SUPPLIED DATA: Begin

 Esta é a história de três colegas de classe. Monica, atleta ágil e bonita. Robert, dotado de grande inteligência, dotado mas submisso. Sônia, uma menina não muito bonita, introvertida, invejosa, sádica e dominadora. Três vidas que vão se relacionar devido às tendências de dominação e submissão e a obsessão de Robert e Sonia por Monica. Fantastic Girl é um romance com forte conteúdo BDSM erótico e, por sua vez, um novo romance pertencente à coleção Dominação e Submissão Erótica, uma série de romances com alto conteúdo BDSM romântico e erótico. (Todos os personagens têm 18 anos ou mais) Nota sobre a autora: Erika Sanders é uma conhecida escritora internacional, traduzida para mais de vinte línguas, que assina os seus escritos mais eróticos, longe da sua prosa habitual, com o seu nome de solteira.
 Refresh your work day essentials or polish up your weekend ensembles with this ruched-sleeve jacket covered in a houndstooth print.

SUPPLIED DATA: End
SUPPLIED DATA: Begin

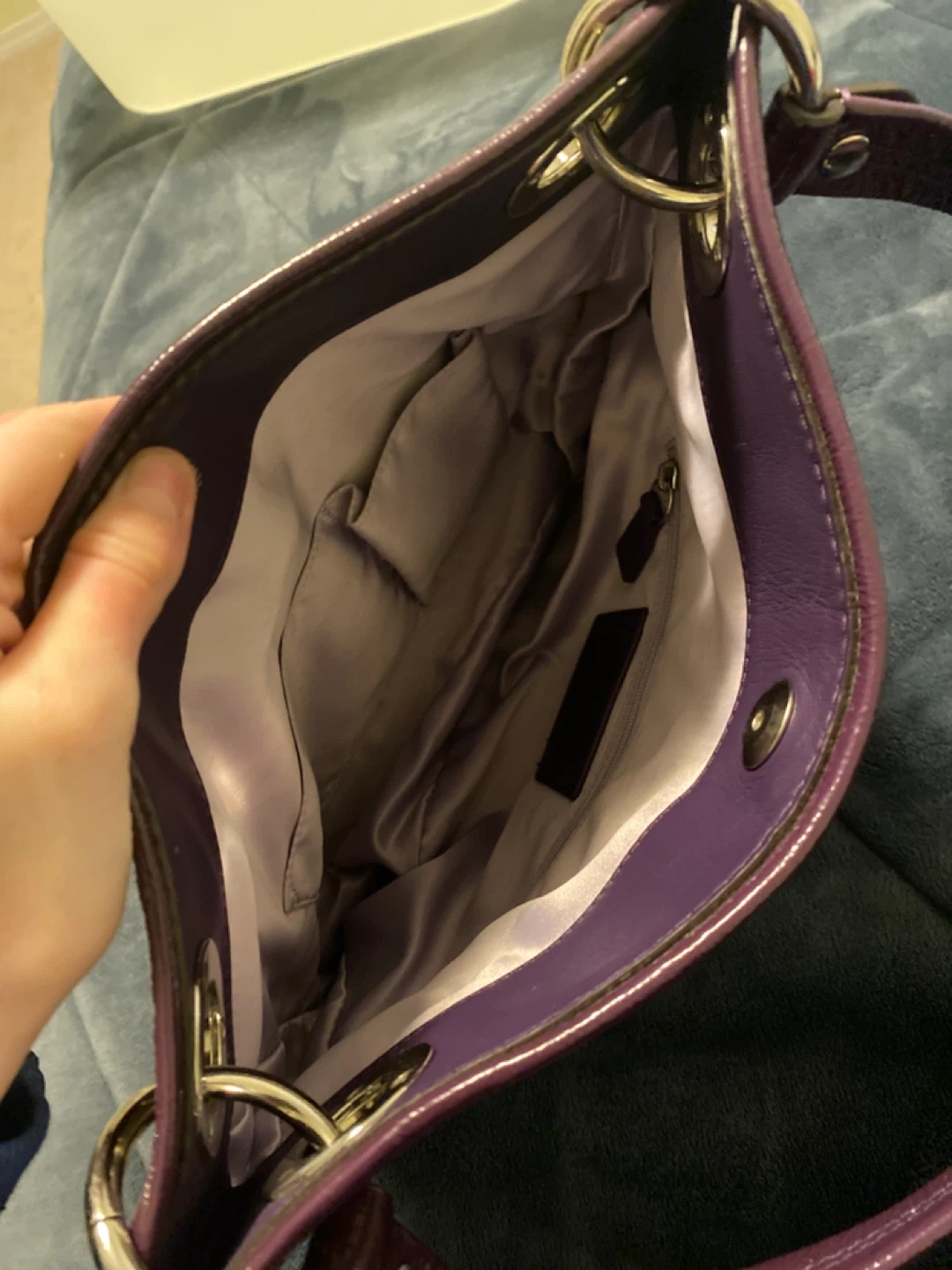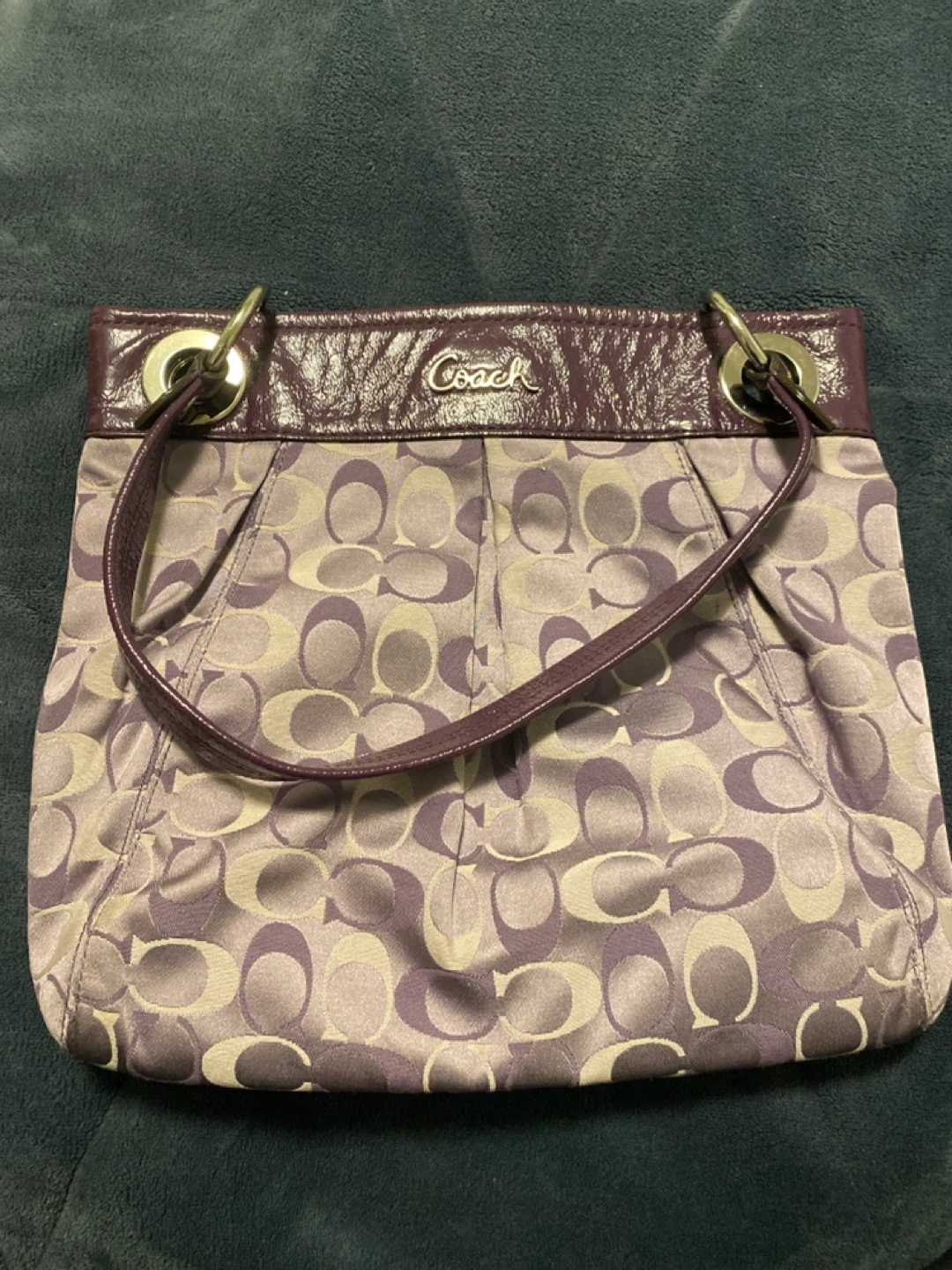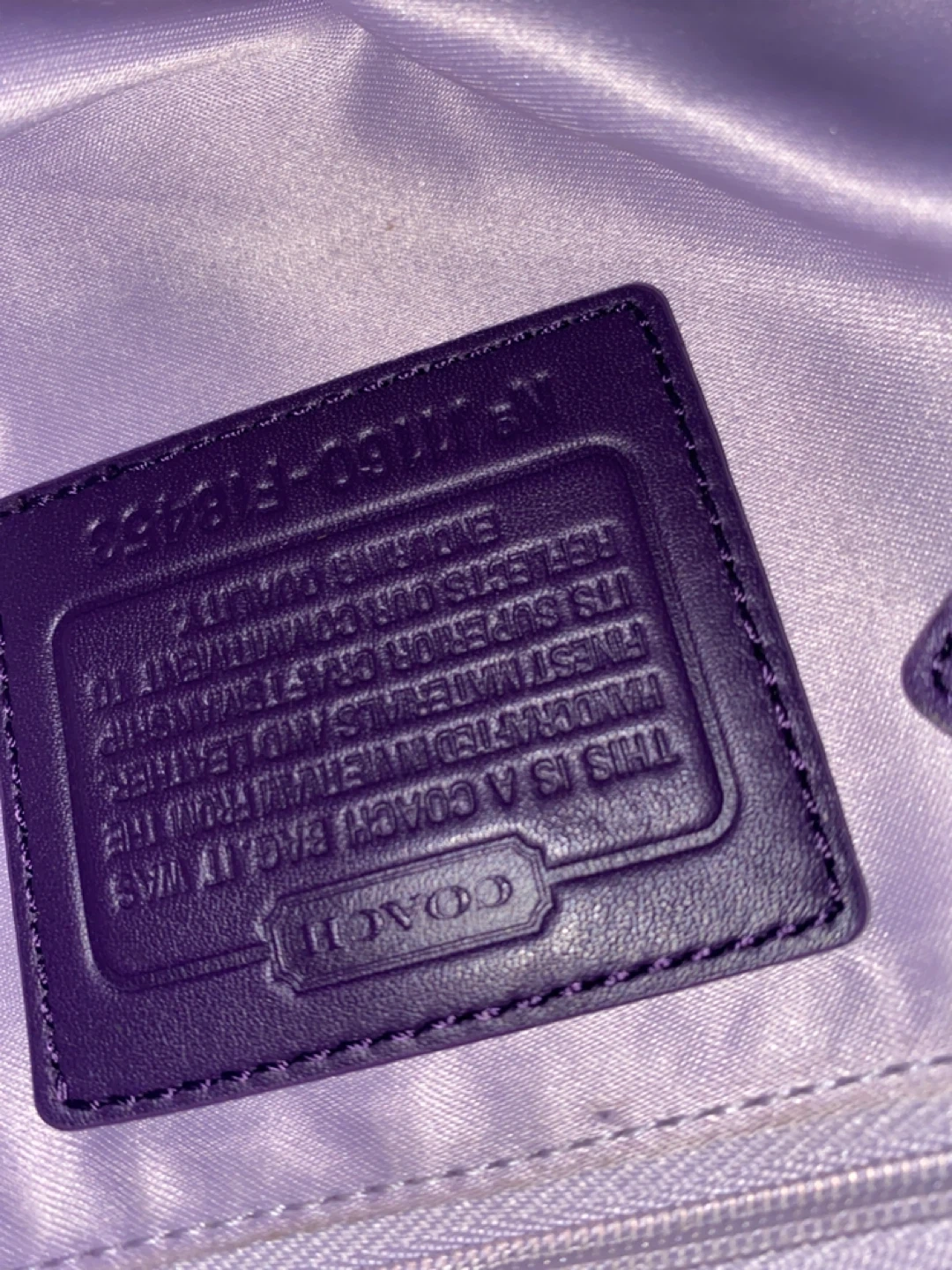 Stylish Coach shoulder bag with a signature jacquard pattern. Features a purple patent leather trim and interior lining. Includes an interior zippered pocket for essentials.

SUPPLIED DATA: End
SUPPLIED DATA: Begin

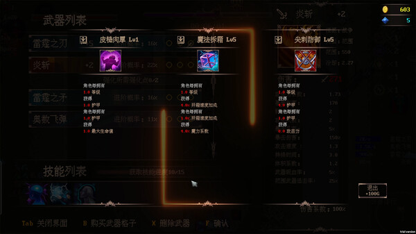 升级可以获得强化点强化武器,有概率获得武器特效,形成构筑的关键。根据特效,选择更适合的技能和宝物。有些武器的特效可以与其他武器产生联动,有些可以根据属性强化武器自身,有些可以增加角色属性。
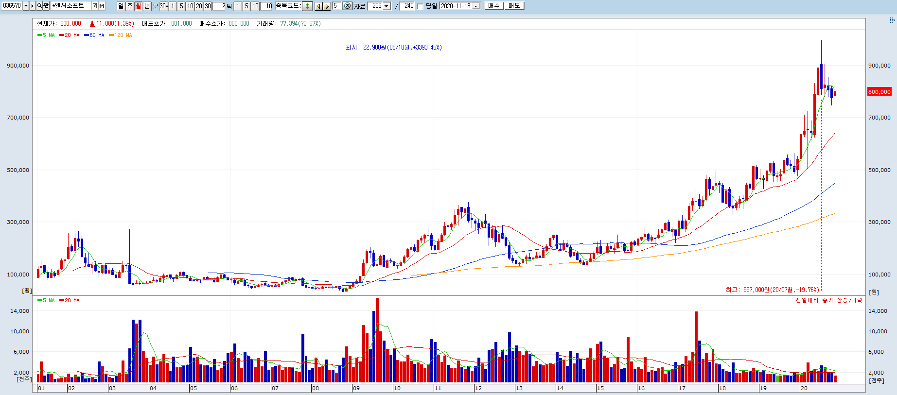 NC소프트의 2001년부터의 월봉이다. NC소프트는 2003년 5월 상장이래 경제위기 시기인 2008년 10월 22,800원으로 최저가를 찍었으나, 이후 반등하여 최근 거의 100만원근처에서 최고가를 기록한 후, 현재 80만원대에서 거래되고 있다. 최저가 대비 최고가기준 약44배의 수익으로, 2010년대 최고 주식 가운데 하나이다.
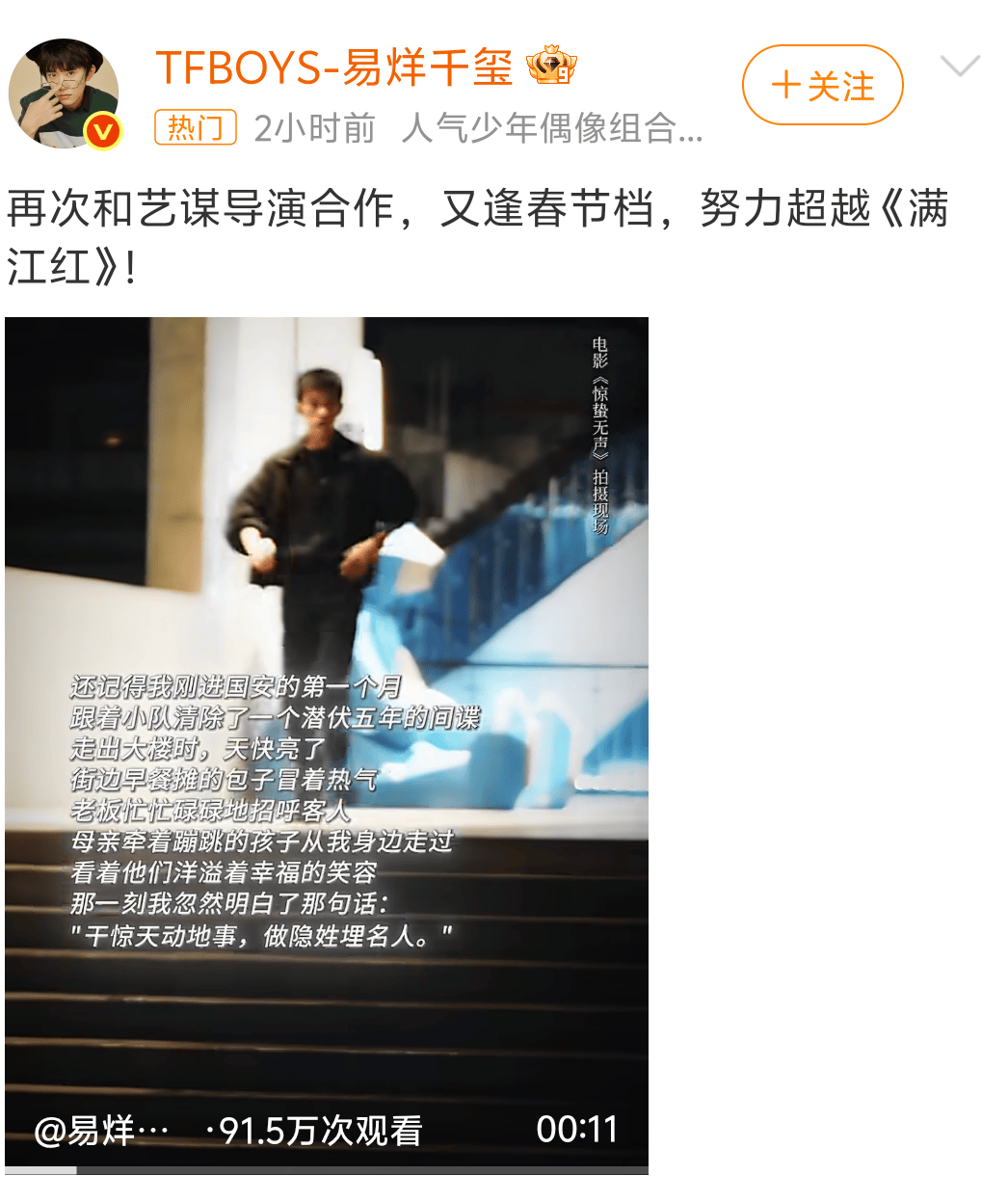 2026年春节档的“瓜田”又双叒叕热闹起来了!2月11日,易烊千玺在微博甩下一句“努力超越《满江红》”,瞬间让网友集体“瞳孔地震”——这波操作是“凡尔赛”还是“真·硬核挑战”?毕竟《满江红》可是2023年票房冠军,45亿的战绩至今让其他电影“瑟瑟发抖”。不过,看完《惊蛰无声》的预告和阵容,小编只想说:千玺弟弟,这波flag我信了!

SUPPLIED DATA: End

§ **WHAT YOU SHOULD DO**: Copy back the listing above exactly, but only from the line with "Esta é a história" through the line with "Refresh your work", both ends included.

§ **WRITTEN REPLY**:
 Esta é a história de três colegas de classe. Monica, atleta ágil e bonita. Robert, dotado de grande inteligência, dotado mas submisso. Sônia, uma menina não muito bonita, introvertida, invejosa, sádica e dominadora. Três vidas que vão se relacionar devido às tendências de dominação e submissão e a obsessão de Robert e Sonia por Monica. Fantastic Girl é um romance com forte conteúdo BDSM erótico e, por sua vez, um novo romance pertencente à coleção Dominação e Submissão Erótica, uma série de romances com alto conteúdo BDSM romântico e erótico. (Todos os personagens têm 18 anos ou mais) Nota sobre a autora: Erika Sanders é uma conhecida escritora internacional, traduzida para mais de vinte línguas, que assina os seus escritos mais eróticos, longe da sua prosa habitual, com o seu nome de solteira.
 Refresh your work day essentials or polish up your weekend ensembles with this ruched-sleeve jacket covered in a houndstooth print.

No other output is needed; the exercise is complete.